Clinical diagnosis is a gradual process of evidence integration, in which physicians move from symptoms and medical history to examinations, competing hypotheses, disease relations, and treatment decisions. Large language models have advanced medical text understanding and generation. Yet their clinical use remains limited by weak evidence grounding, opaque reasoning, and inconsistent links among differential diagnosis, final diagnosis, diagnostic basis, and treatment planning. We introduce MedCollab, a multi-agent framework for full-cycle clinical diagnosis and report generation. MedCollab coordinates specialist and examination agents according to patient records. It structures agent deliberation with an Issue-Based Information System (IBIS) protocol, so that each diagnostic position is supported by patient-specific evidence and medical knowledge. It also builds Hierarchical Disease Relation Chains (HDRC) to connect accepted hypotheses through progression, complication, and comorbidity relations. During multi-round deliberation, a verifier-guided consensus module evaluates evidence support, medical plausibility, and logical conflicts. It then adjusts agent contributions and filters unsupported reasoning.

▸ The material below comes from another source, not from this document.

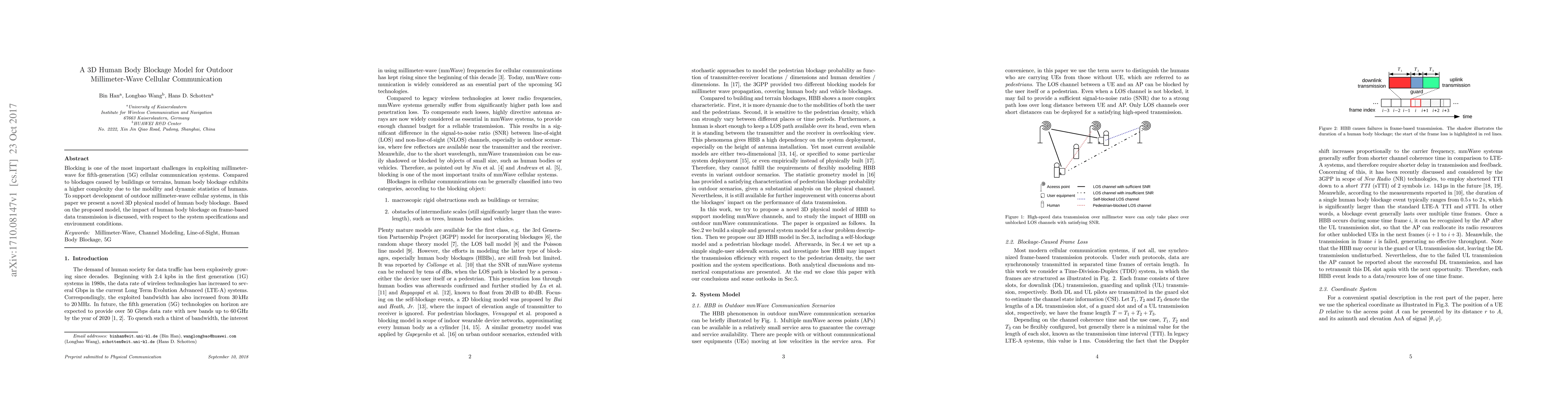 This paper introduces a novel 3D physical model to analyze human body blockage in outdoor millimeter-wave cellular communication, addressing the complexities due to human mobility. It discusses the model's impact on frame-based data transmission under varying system specifications and environmental conditions.

Experiments on ClinicalBench and MIMIC-IV show that MedCollab outperforms leading LLMs and medical multi-agent baselines in diagnostic accuracy, evidence consistency, and clinical reasoning quality. These results indicate that structured and auditable collaboration can produce more faithful and clinically coherent diagnostic reports.
翻译:[translated abstract in Chinese]
临床诊断是一个逐步整合证据的过程,医生从症状和病史出发,依次涉及检查、竞争性假设、疾病关系以及治疗决策。大语言模型在医学文本理解与生成方面取得了进展,但其临床应用仍受限于证据支撑薄弱、推理过程不透明,以及鉴别诊断、最终诊断、诊断依据与治疗方案之间缺乏连贯一致的关联。我们提出MedCollab——一个面向全周期临床诊断与报告生成的多智能体框架。MedCollab根据患者记录协调专科与检查智能体,并采用基于问题的信息系统(IBIS)协议结构化智能体间的讨论,确保每个诊断立场均有患者特异性证据与医学知识支撑。该框架同时构建分层疾病关系链(HDRC),通过进展、并发症和共病关系连接已采纳的假设。在多轮讨论中,验证器引导的共识模块评估证据支撑度、医理合理性及逻辑冲突,进而调整智能体的贡献并过滤无依据的推理。在ClinicalBench与MIMIC-IV上的实验表明,MedCollab在诊断准确性、证据一致性及临床推理质量上均优于领先的大语言模型及医学多智能体基线。这些结果表明,结构化与可审计的协作能够生成更可信且临床一致性更强的诊断报告。